400874599 http://www.espn.com/nfl/team/_/name/cle/clevel...
That is nice, but not exactly what I want. In order to remove the extra columns I use the drop
method which takes 2 arguments:
- what object to drop
- an axis which determine what types of object to drop (0 = rows, 1 = columns):
Below, the object I define is a list of columns (figured that part all out on my own as the documentation didn’t explicitly state I could use a list, but I figured, what’s the worst that could happen?)
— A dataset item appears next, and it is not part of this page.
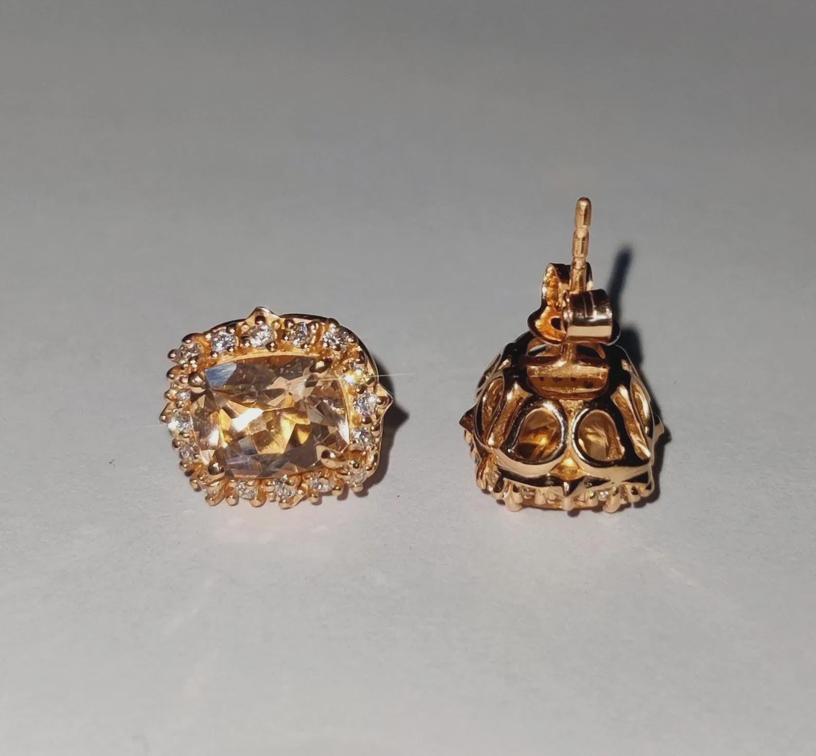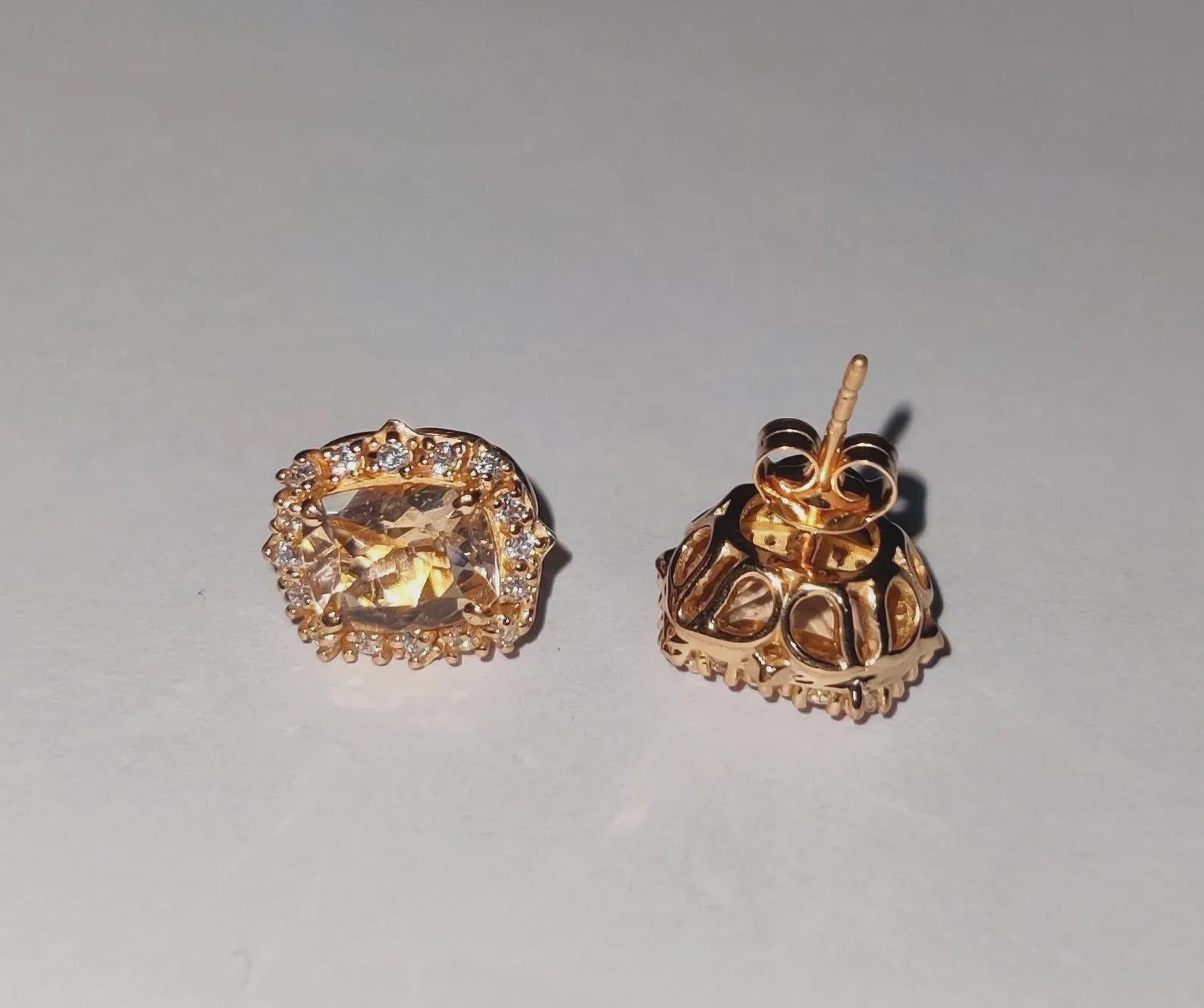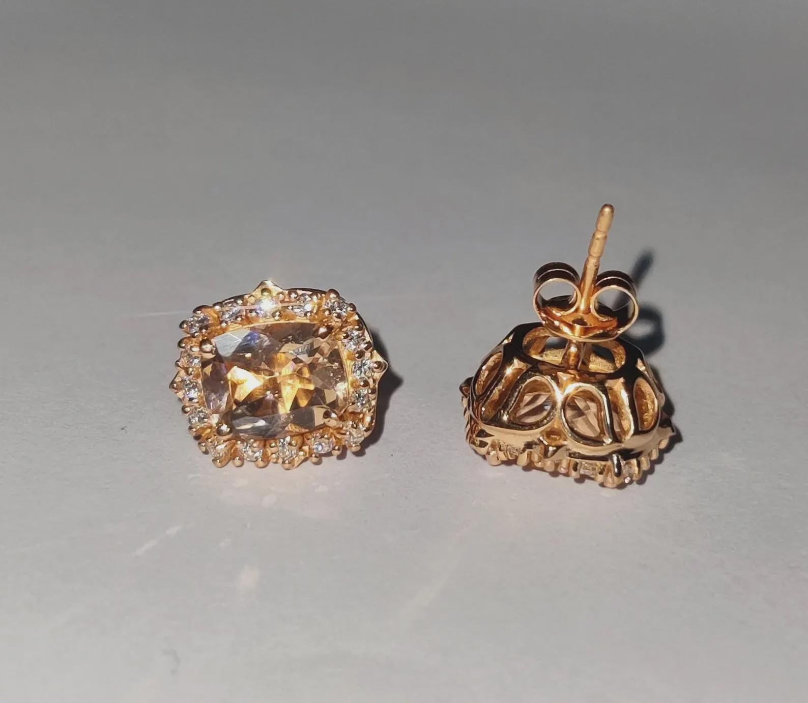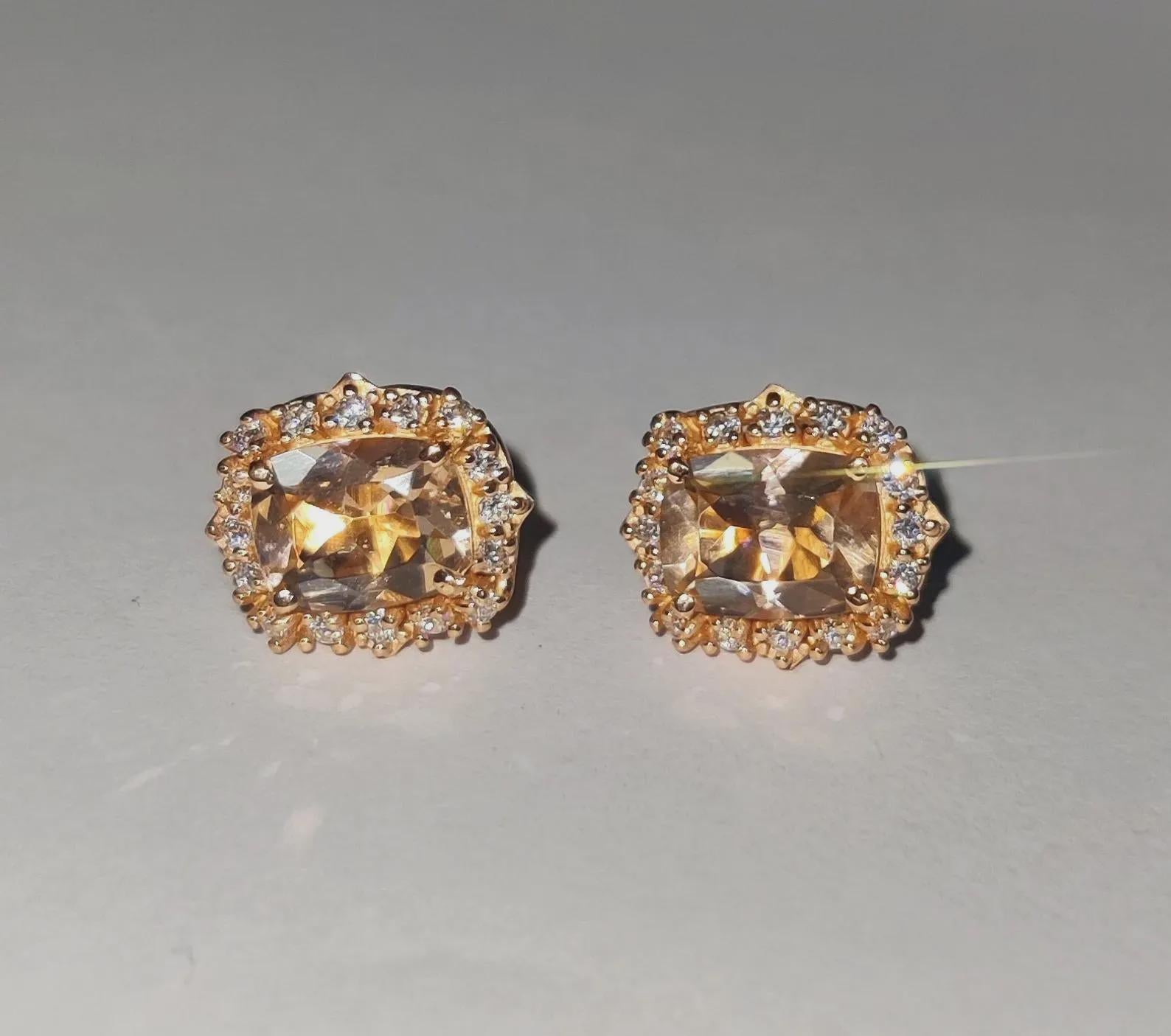 4Ct Cushion Cut Morganite Stud Earrings Simulated Diamond 14K Rose Gold Finish Fancy Halo Earrings 925 Sterling Silver Gift For Party Wear

game_passer_data = game_passer_data.drop(['opp', 'prefix_1', 'prefix_2', 'url'], 1)
Which gives me this:
id Name CATCHES ATTEMPTS YDS AVG TD INT SACKS \
match_id
400874518 2577417 Dak Prescott 22 30 292 9.7 0 0 4
400874674 2577417 Dak Prescott 23 32 245 7.7 2 0 2
400874733 2577417 Dak Prescott 18 27 247 9.1 3 1 2
400874599 2577417 Dak Prescott 21 27 247 9.1 3 0 0
400874599 12482 Mark Sanchez 1 1 8 8.0 0 0 0
YRDLSTSACKS RTG ha_ind match_date result team_x \
match_id
400874518 14 103.8 @ 2016-09-18 W Dallas Cowboys
400874674 11 114.7 @ 2016-10-02 W Dallas Cowboys
400874733 14 117.4 @ 2016-10-16 W Dallas Cowboys
400874599 0 141.8 @ 2016-11-06 W Dallas Cowboys
400874599 0 100.0 @ 2016-11-06 W Dallas Cowboys
week_id team_y
match_id
400874518 2 Washington Redskins
400874674 4 San Francisco 49ers
400874733 6 Green Bay Packers
400874599 9 Cleveland Browns
400874599 9 Cleveland Browns
I finally have a DataFrame
with the data I care about, BUT all of the column names are wonky!
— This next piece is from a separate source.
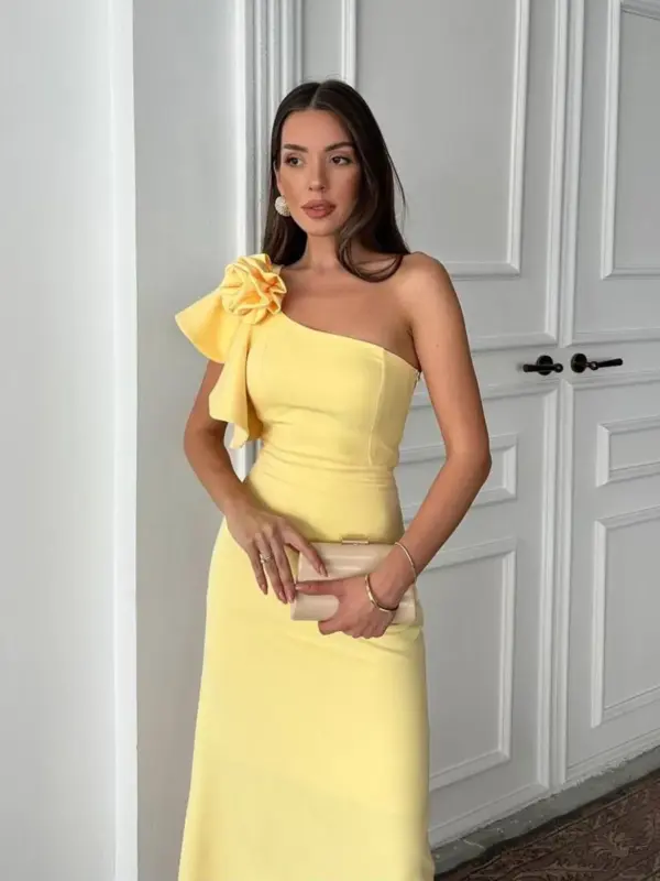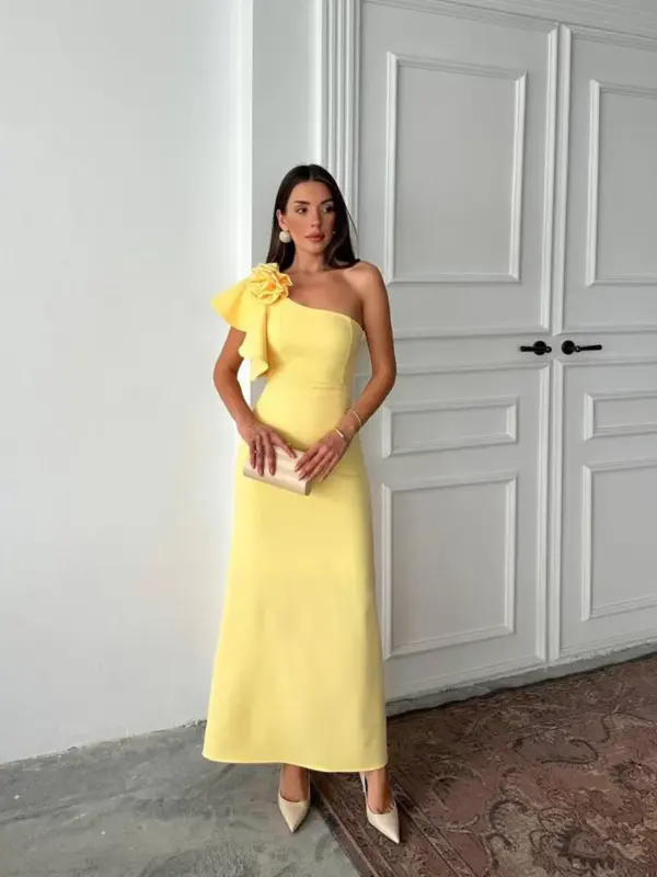 🔹 Kroj: Duga haljina, jedno rame, ravni kroj suknje

This is easy enough to fix (and should have probably been fixed earlier with some of the objects I created only containing the necessary columns, but I can fix that later). By simply renaming the columns as below:
game_passer_data.columns = ['id', 'Name', 'Catches', 'Attempts', 'YDS', 'Avg', 'TD', 'INT', 'Sacks', 'Yards_Lost_Sacks', 'Rating', 'HA_Ind', 'game_date', 'Result', 'Team', 'Week', 'Opponent']
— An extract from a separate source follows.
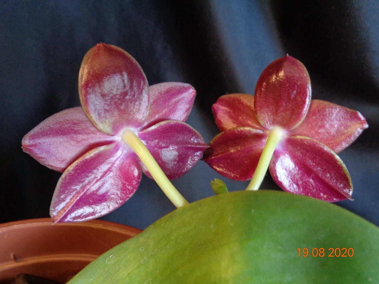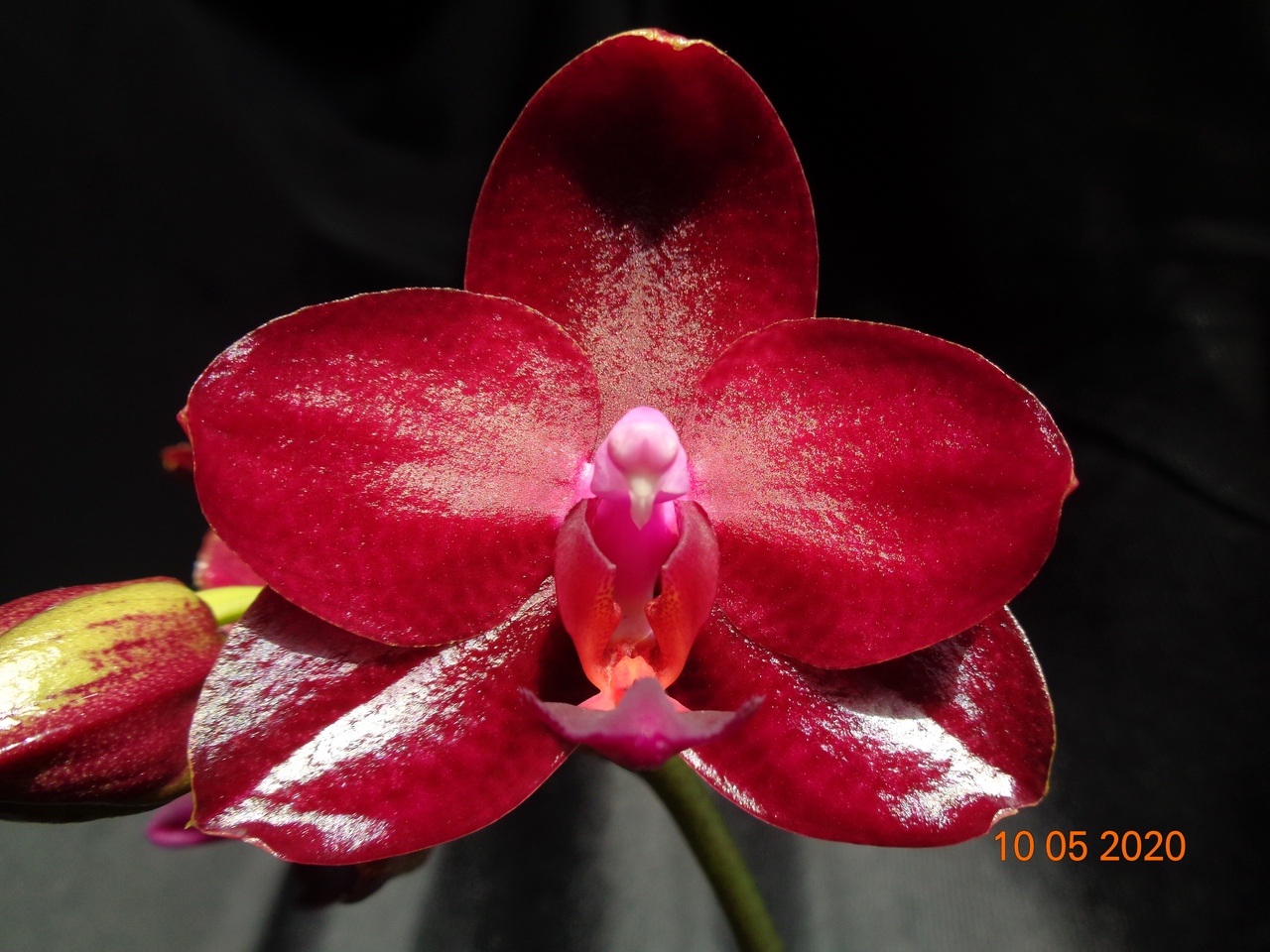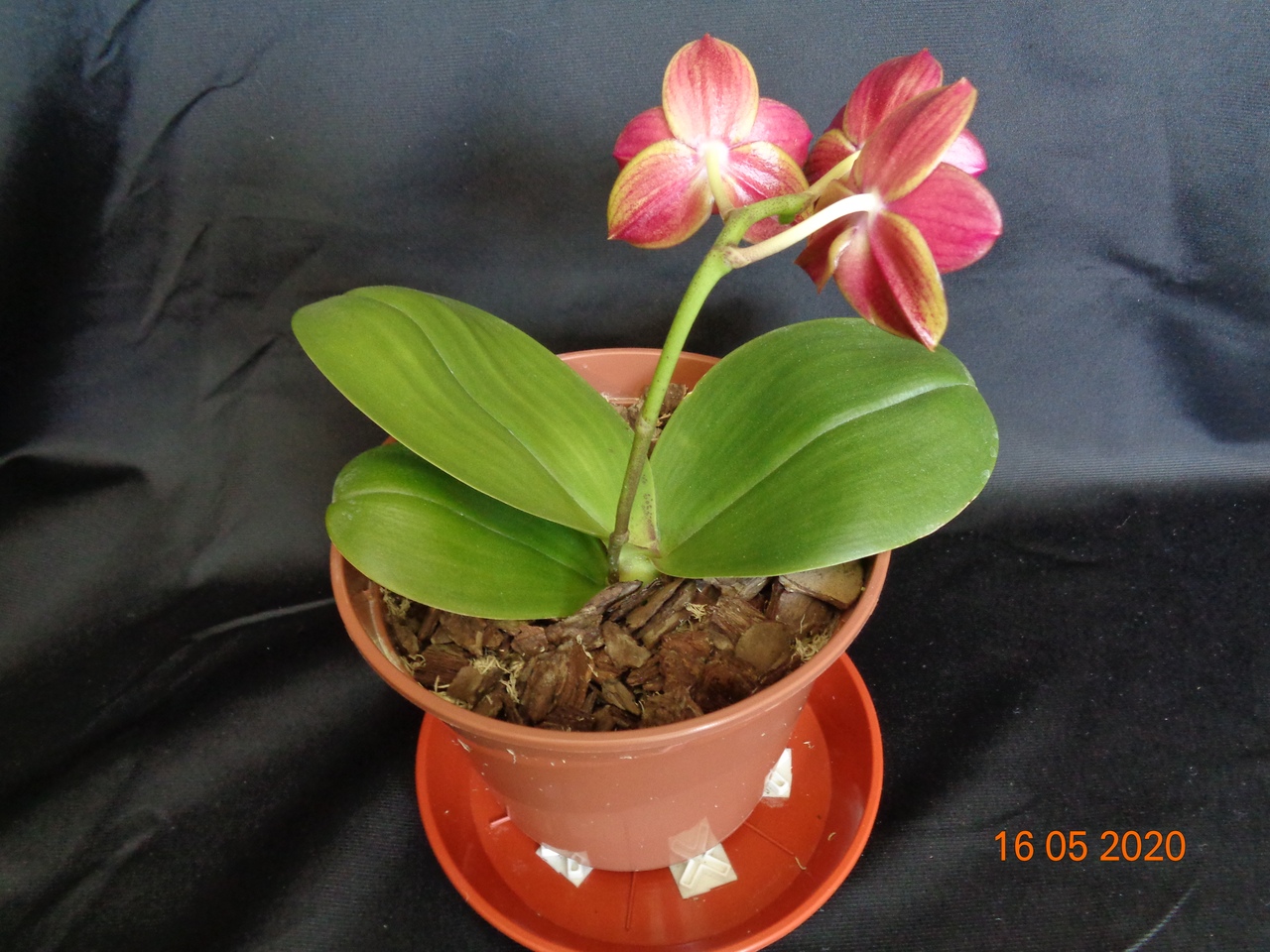 Первое цветение моего подростка Phal. Allura Ruby Diamond купленного в прошлом году в горшке 1,7. Сейчас посажен в горшок на 1,5 литра.

I now get the data I want, with column names to match!
id Name Catches Attempts YDS Avg TD INT Sacks \
match_id
400874518 2577417 Dak Prescott 22 30 292 9.7 0 0 4
400874674 2577417 Dak Prescott 23 32 245 7.7 2 0 2
400874733 2577417 Dak Prescott 18 27 247 9.1 3 1 2
400874599 2577417 Dak Prescott 21 27 247 9.1 3 0 0
400874599 12482 Mark Sanchez 1 1 8 8.0 0 0 0
Yards_Lost_Sacks Rating HA_Ind game_date Result Team \
match_id
400874518 14 103.8 @ 2016-09-18 W Dallas Cowboys
400874674 11 114.7 @ 2016-10-02 W Dallas Cowboys
400874733 14 117.4 @ 2016-10-16 W Dallas Cowboys
400874599 0 141.8 @ 2016-11-06 W Dallas Cowboys
400874599 0 100.0 @ 2016-11-06 W Dallas Cowboys
Week Opponent
match_id
400874518 2 Washington Redskins
400874674 4 San Francisco 49ers
400874733 6 Green Bay Packers
400874599 9 Cleveland Browns
400874599 9 Cleveland Browns
I’ve posted the code for all three parts to my GitHub Repo.
Work that I still need to do:
- Add code to get the home game data
- Add code to get data for the other position players
- Add code to get data for the defense
When I started this project on Wednesday I had only a bit of exposure to very basic aspects of Python
and my background as a developer. I’m still a long way from considering myself proficient in Python
but I know more now that I did 3 days ago and for that I’m pretty excited! It’s also given my an excuse reason to write some stuff which is a nice side effect.